Shopping mall in New York City

The Shops & Restaurants at Hudson Yards is an upscale indoor shopping mall in New York City, located at 20 Hudson Yards, at 33rd Street and Tenth Avenue, within the Hudson Yards complex in Midtown Manhattan. It was built with 1 e6sqft of space, including 750000 ft2 in retail, including department stores, containing one of the Manhattan’s newest neighborhood with very diverse shops, attractions, and restaurants. Of this, 445000 ft2 was converted to office space in 2023.

== History ==
In September 2014, Neiman Marcus signed to become the anchor tenant of the Hudson Yards retail space. The retail space, designed by Kohn Pedersen Fox and Elkus Manfredi Architects with a connection to the bases of 10 and 30 Hudson Yards, started construction in June 2015, with a 100,000 ST order of steel, one of the largest such orders in the history of the United States. The mall opened on March 15, 2019. Neiman Marcus occupied the top three levels and one-fourth of the mall, or 250000 sqft. Chef and restaurateur Thomas Keller opened his second restaurant in New York City, called TAK Room, in addition to selecting 11 other fine dining restaurants on the fifth through seventh floors. The mall was anchored by Dior and Chanel, with a Fifth Avenue mix of shops such as H&M, Zara, and Sephora below them.

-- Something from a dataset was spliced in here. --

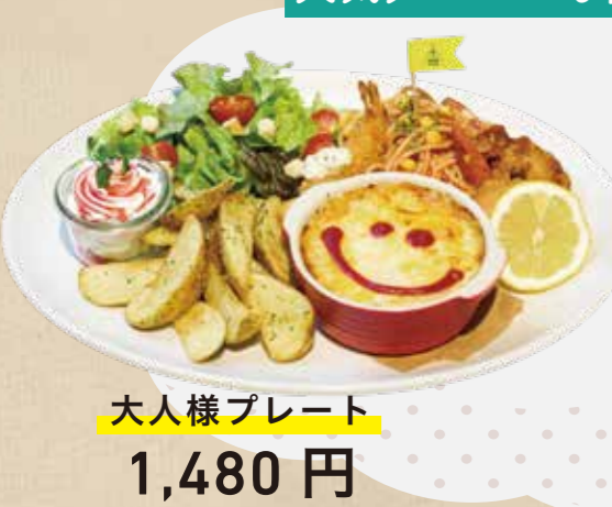
大人様プレート 1,480 円

Due to the COVID-19 pandemic, many of the stores closed permanently, including Neiman Marcus, the Citarella Gourmet Market, Banana Republic, and Sephora. The mall also lost restaurants such as the TAK Room, Kawi, and Belcampo Meat Co. After the pandemic, the Shops at Hudson Yards sought to add new stores and eateries Louis Vuitton returned to the mall with a freestanding store from a previously operated shop inside Neiman Marcus. Levi's, Bulgari, Magnolia Bakery, and Pret A Manger are among the retail and restaurant establishments that were opening at the mall in the early 2020s.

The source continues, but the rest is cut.